Updated: Mar 28, 2023

People's reactions are always interesting when I tell them what I'm embarking on a trip like this. First their face contorts, then their head cocks, and finally a thought is bellowed out - usually of the 'but you'll die' ripostes. I thought it would be interesting to collate all the possible common reactions...

"But what are you gong to do with your hair?" has been asked more than once. I hadn't realised quite how attached people are to it until they starting concerning themselves with it. But it did prompt me to wonder whether or not to pack some shampoo. Apparently this is not necessary - not only can you not use anything like that on the trail as it would contravene the Leave No Trace principle, but when I pop into towns usually it's freely available. I expect it will be long enough to strangle me by the time I get to Washington.

"You'll get eaten by coyotes!" so far said by six people. If, like me, you are surprised to learn that coyotes are more commonly known as wolves, you'll be even more shocked to learn that people clearly think I'm Little Red Riding Hood.

But in actual fact, coyotes are not known to be particularly life-threatening although attacks are on the increase, especially in California, according to Wikipedia. So far, no recorded fatalities on the PCT or surrounding areas.

Mountain Lions! Also known as cougars - so far no one has predicted my demise by large cat, which surprises me because my own cat has been trying to kill me for years. The reality is that two people, both women, were killed in the last two years in PCT regions. They are to be greatly feared greatly - not least because they are very difficult to spot and they are master stalkers. Apparently wearing a pair of sunglasses on the back of the head is a deterrent. So is singing loudly and out of tune - thankfully. If I had to sing in tune, I'd be screwed, or rather: mauled.

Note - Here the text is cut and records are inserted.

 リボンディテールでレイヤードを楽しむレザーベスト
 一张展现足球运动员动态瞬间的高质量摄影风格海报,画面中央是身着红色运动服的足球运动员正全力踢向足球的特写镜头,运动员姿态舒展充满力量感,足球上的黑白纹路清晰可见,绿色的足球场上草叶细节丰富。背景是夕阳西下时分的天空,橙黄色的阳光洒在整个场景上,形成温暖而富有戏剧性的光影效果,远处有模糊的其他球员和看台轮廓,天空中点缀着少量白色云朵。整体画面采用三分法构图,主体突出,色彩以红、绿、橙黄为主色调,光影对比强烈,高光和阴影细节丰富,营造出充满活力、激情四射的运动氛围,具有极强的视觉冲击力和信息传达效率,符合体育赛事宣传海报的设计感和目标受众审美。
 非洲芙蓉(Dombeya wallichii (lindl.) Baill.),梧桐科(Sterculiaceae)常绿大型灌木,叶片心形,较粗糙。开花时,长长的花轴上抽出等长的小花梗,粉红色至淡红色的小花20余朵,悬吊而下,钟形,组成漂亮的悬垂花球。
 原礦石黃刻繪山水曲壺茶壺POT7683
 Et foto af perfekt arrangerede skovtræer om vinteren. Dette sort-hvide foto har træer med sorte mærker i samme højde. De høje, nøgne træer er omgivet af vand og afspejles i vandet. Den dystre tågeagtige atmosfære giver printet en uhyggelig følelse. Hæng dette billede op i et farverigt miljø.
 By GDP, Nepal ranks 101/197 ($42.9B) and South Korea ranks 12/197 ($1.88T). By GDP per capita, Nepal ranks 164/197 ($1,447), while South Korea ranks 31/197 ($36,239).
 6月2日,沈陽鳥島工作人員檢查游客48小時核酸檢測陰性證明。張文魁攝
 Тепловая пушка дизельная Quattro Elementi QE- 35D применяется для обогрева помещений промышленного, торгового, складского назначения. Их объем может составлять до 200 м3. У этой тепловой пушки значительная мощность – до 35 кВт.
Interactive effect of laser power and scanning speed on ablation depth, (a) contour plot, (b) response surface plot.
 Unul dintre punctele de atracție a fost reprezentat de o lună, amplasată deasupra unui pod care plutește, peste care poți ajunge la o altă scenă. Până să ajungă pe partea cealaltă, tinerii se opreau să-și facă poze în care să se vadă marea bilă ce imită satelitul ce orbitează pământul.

On the whole, people are more concerned with what I'm going to do with my cat: He's going to looked after by a friend who is into Yoga. I hope he returns as ZenCat. Unlikely though.

Bears. Not only do they shit in the woods, the filthy creatures, they are known to be rather hot-headed. I read recently that bears that have got more aggressive towards humans, and those that have lost their fear of people are being captured and relocated to the backcountry. 'Where exactly is the PCT?' you may ask...

Reality is that the current average of death by bear is one per year in the North Americas. Despite this, there's a plethora of advice on how to handle a bear attack: Firstly determine whether they are black or brown bears: they have different attack styles. Overlook the fact that black bears can be brown, cinnamon or black in colour, so don't make your assumptions on how they look! Assuming it is a black bear, stand your ground, and wave your arms in the air like you just don't care. Whatever you do, don't run - you're a mouse to a cat. If this doesn't work, roll up into a ball and play dead. No one knows whether this works though because, as I've said, there's an insufficient number of bear deaths per annum for this theory to be anything other than a hypothesis. Assuming it's a brown bear also known as a grizzly: shit yourself in the woods because they do attack people willingly. It is debated whether or not there are two grizzlies near the Canadian border.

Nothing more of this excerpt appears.